I have long been interested in therapeutic approaches that support natural immunity to infection as a means of either negating the use of antibiotics, or working in harmony with antibiotics to treat infection. Our immune system is, after all, rather well equipped to deal with almost any potential microbial threat. So it was with keen intrigue that I read the recent Nature Communications paper by Wheatley et al. in which they provide a detailed picture of how antibiotic treatment, the emergence (and resolution) of AMR, and the host immune system are dynamically linked over time.

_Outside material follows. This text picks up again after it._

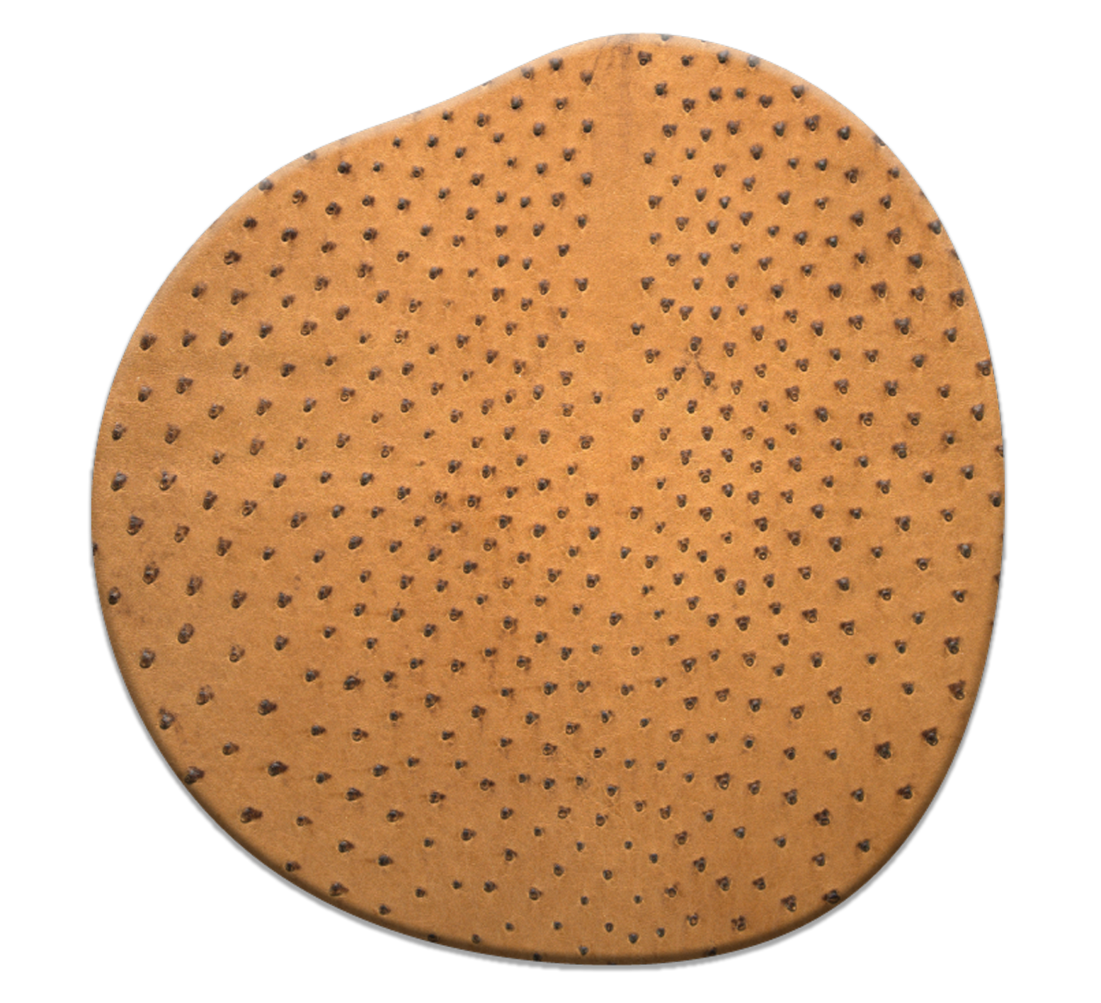 Our luxury ostrich leather, sourced from Africa, features the prized diamond cut of the hide, offering unique raised quill textures and a subtle feel. Farm-raised and completely consumed in ethical ways, this exquisite material is available in multiple brilliant colors. Ostrich leather wears like iron, making it a durable and long-lasting choice. It adds a touch of sophistication and elegance to any design, perfect for creating timeless pieces.

The authors were able to monitor the rise and fall of AMR within a single patient with acute Pseudmonas aeruginosa infection before, during, and after treatment with antibiotics. P. aeruginosa infections are a significant cause of nosocomial infection, and represent one of the so called ESKAPE priority pathogens. The authors collected isolates from the lung and gut over three weeks and combined phenotypic approaches with whole genome sequencing of the isolates to build a dynamic picture of the response of the pathogen to treatment with meropenem, colistin, and piperacillin/tazobactam.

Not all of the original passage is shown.